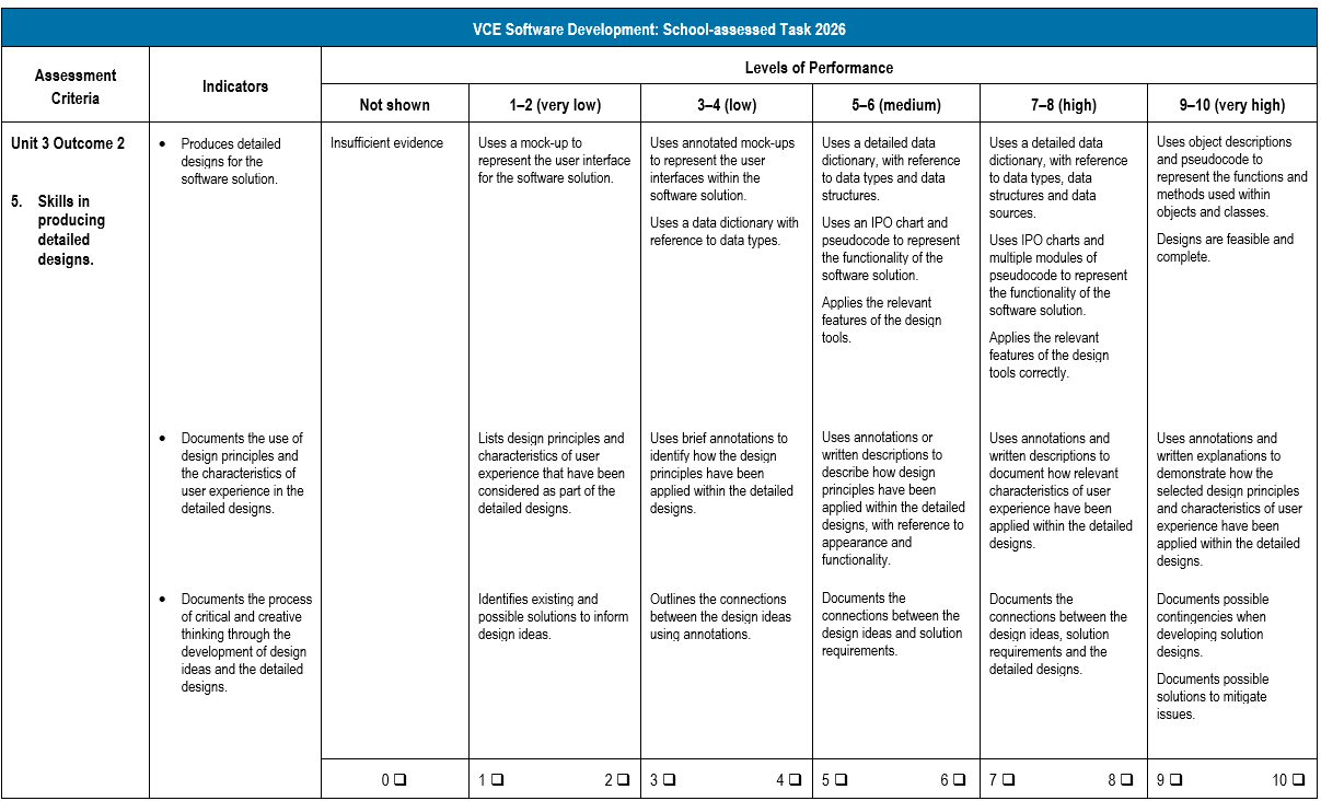 Criterion 5 focuses on skills in producing detailed designs.
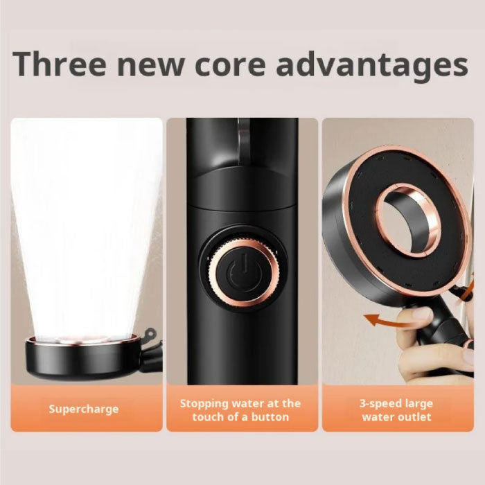 Booster-Duschkopf – Hochdruck-Duschkopf mit 3 Strahlarten für Badewanne und Dusche – Weiß
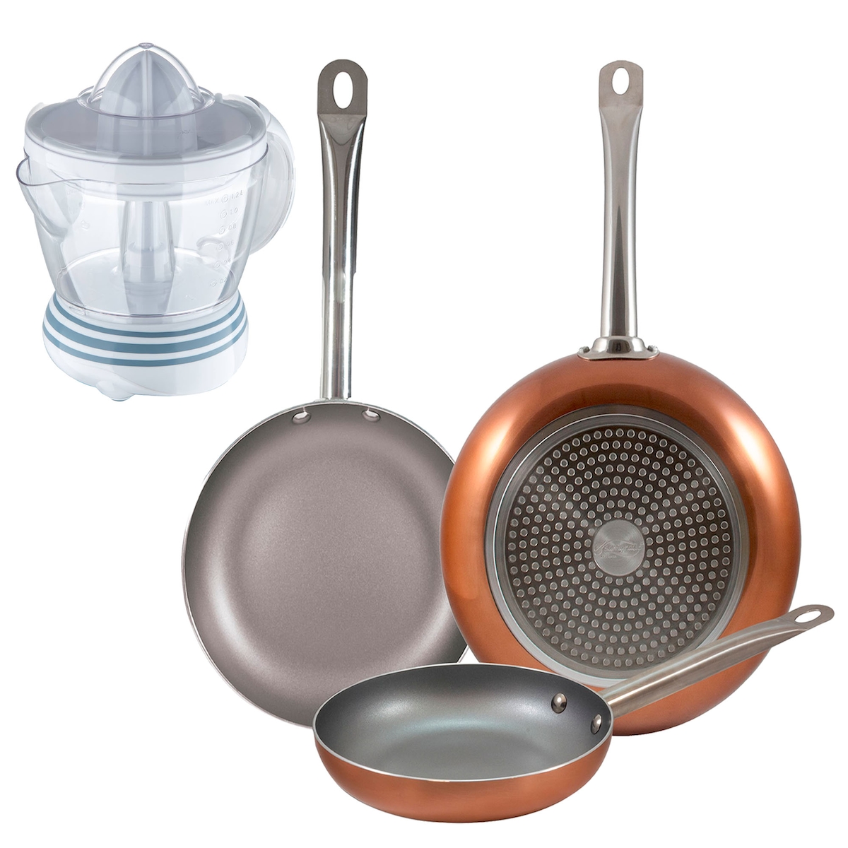 BERGNER - Set aus 3 gepressten Aluminium-Pfannen Ø18/Ø22/Ø26 cm, geeignet für Induktion Optimum Plus Entsafter NATURALLY 40 W, 1,2 L
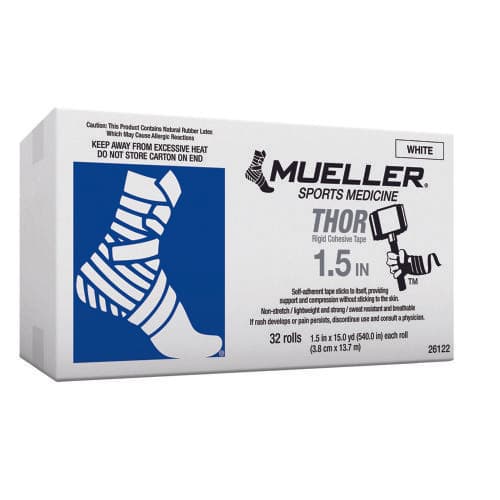 Mueller® Thor® Tape 1.5 in x 15 Yd, 32 Rolls THOR® Rigid Cohesive Tape offers the superior control and easy manipulation athletic trainers need. Use it with Mueller Tapewrap® Premium to create strong heel locks, precise figure-8s, and superb seating of strips.
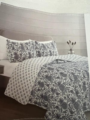 I purchased this quilt in a Queen size for my regular (no extra height) Queen sized mattress, and wish I'd ordered a King size. The quilt barely covers the mattress on all sides with no extra overhang. The 2 pillow shams accommodate rather flat, standard sized pillows, but would not close over an extra stuffed pillow. The print in gray blue hues is very pretty, reversible, and just like the photos. Calling this a "quilt" rather than a bedspread is a bit of a stretch. It's very thin and lightweight, and seems to only have the thinnest layer of polyester batting inside, and is channel stitched. It works for N. California summers where I live. Finally, the cotton fabric is somewhat rough, and not a "voile" that I usually prefer. Perhaps it will soften over time with washing. Overall, I'd suggest sizing up for a more luxurious look in your bedroom.
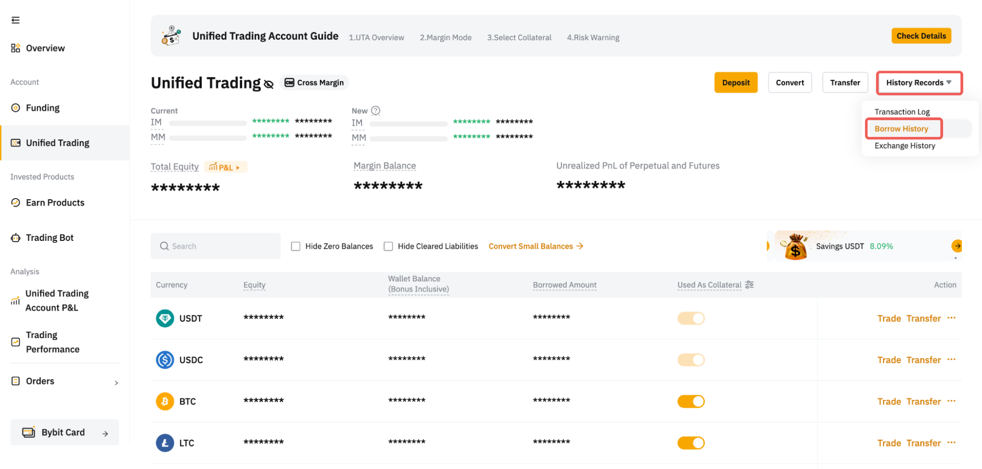 Занимайте средства непосредственно на странице спотовой маржинальной торговли или на странице активов Единого торгового аккаунта (ЕТА). |
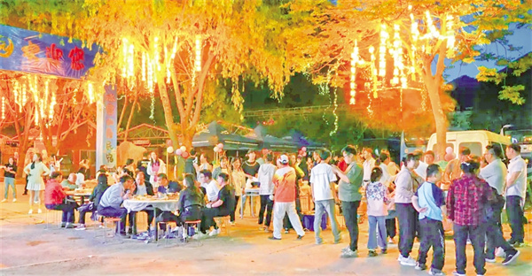 舞臺(tái)旁的燒烤美食區(qū),秘制烤肉與本地山珍食材散發(fā)著誘人香氣,游客們圍坐一起,吃著燒烤、聽(tīng)著音樂(lè)、吹著涼風(fēng),盡情享受假日的愜意。演出間隙的套圈、有獎(jiǎng)問(wèn)答、音樂(lè)接龍、民宿推介等互動(dòng)環(huán)節(jié),更是讓游客熱情高漲,現(xiàn)場(chǎng)歡聲笑語(yǔ)不斷。

How to complete this task |
Transcribe, from the records above, the first line and every line after it up to and including the line with "Mueller® Thor® Tape"; omit pictures.

Task output |
 Criterion 5 focuses on skills in producing detailed designs.
 Booster-Duschkopf – Hochdruck-Duschkopf mit 3 Strahlarten für Badewanne und Dusche – Weiß
 BERGNER - Set aus 3 gepressten Aluminium-Pfannen Ø18/Ø22/Ø26 cm, geeignet für Induktion Optimum Plus Entsafter NATURALLY 40 W, 1,2 L
 Mueller® Thor® Tape 1.5 in x 15 Yd, 32 Rolls THOR® Rigid Cohesive Tape offers the superior control and easy manipulation athletic trainers need. Use it with Mueller Tapewrap® Premium to create strong heel locks, precise figure-8s, and superb seating of strips.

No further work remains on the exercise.